_YOUR GOAL_
Quote every line of the data below as it stands, omitting pictures.

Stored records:

####################

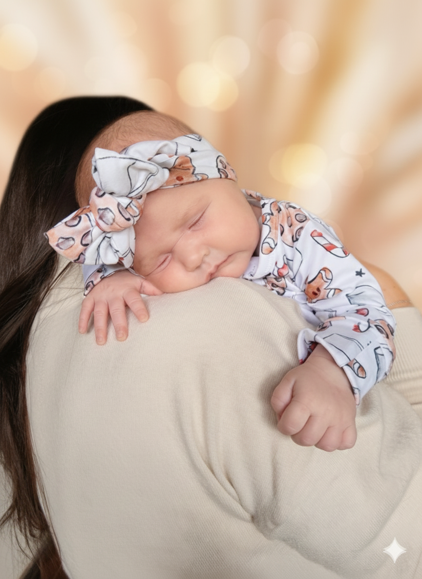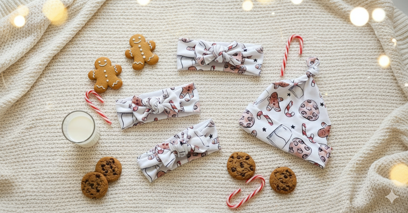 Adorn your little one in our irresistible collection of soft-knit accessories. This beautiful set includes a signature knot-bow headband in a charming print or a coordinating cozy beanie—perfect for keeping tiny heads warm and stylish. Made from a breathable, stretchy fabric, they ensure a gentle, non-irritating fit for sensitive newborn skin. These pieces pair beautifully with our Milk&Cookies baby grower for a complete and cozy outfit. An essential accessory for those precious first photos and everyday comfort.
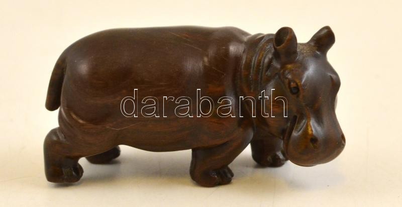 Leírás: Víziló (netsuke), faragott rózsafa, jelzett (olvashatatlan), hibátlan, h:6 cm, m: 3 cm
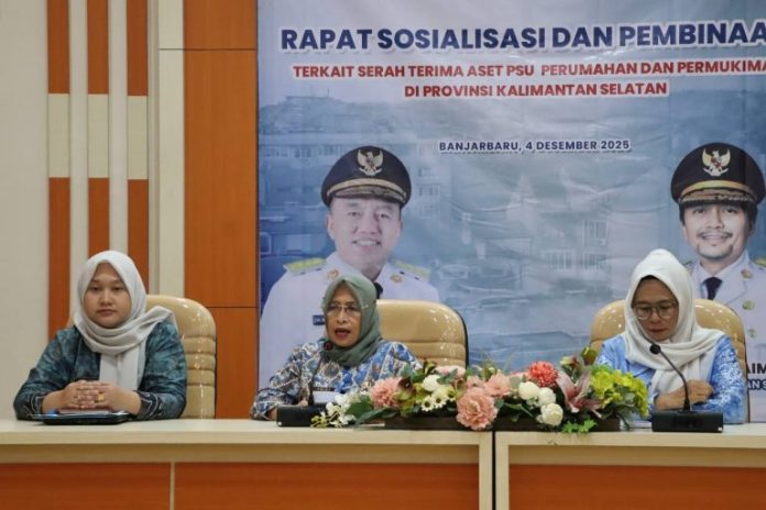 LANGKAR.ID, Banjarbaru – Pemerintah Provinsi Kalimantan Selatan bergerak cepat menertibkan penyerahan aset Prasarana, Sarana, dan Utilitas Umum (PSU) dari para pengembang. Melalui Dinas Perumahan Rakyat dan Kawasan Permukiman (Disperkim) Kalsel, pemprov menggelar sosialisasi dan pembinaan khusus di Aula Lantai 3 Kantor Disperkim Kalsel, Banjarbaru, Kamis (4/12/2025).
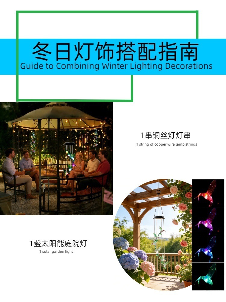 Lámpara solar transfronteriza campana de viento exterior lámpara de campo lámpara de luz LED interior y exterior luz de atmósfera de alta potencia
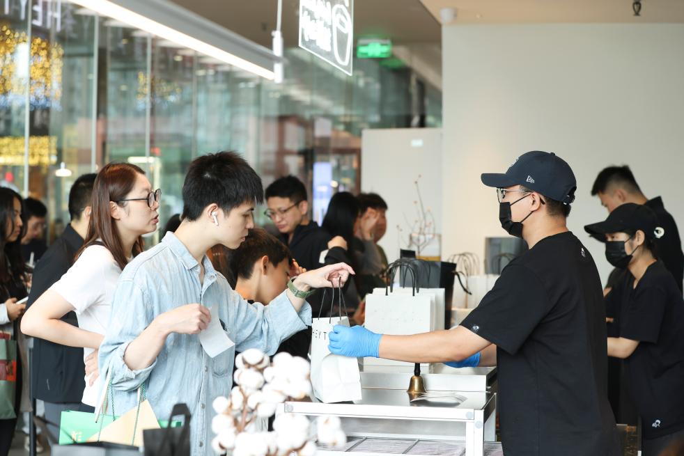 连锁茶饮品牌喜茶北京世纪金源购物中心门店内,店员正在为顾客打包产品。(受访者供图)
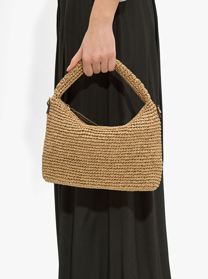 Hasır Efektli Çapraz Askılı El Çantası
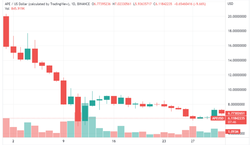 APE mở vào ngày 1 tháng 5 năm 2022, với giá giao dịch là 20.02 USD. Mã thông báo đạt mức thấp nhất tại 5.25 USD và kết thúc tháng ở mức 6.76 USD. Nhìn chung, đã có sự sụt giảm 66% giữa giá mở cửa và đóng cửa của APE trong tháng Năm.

####################

_SOLUTION TO THIS TASK_
 Adorn your little one in our irresistible collection of soft-knit accessories. This beautiful set includes a signature knot-bow headband in a charming print or a coordinating cozy beanie—perfect for keeping tiny heads warm and stylish. Made from a breathable, stretchy fabric, they ensure a gentle, non-irritating fit for sensitive newborn skin. These pieces pair beautifully with our Milk&Cookies baby grower for a complete and cozy outfit. An essential accessory for those precious first photos and everyday comfort.
 Leírás: Víziló (netsuke), faragott rózsafa, jelzett (olvashatatlan), hibátlan, h:6 cm, m: 3 cm
 LANGKAR.ID, Banjarbaru – Pemerintah Provinsi Kalimantan Selatan bergerak cepat menertibkan penyerahan aset Prasarana, Sarana, dan Utilitas Umum (PSU) dari para pengembang. Melalui Dinas Perumahan Rakyat dan Kawasan Permukiman (Disperkim) Kalsel, pemprov menggelar sosialisasi dan pembinaan khusus di Aula Lantai 3 Kantor Disperkim Kalsel, Banjarbaru, Kamis (4/12/2025).
 Lámpara solar transfronteriza campana de viento exterior lámpara de campo lámpara de luz LED interior y exterior luz de atmósfera de alta potencia
 连锁茶饮品牌喜茶北京世纪金源购物中心门店内,店员正在为顾客打包产品。(受访者供图)
 Hasır Efektli Çapraz Askılı El Çantası
 APE mở vào ngày 1 tháng 5 năm 2022, với giá giao dịch là 20.02 USD. Mã thông báo đạt mức thấp nhất tại 5.25 USD và kết thúc tháng ở mức 6.76 USD. Nhìn chung, đã có sự sụt giảm 66% giữa giá mở cửa và đóng cửa của APE trong tháng Năm.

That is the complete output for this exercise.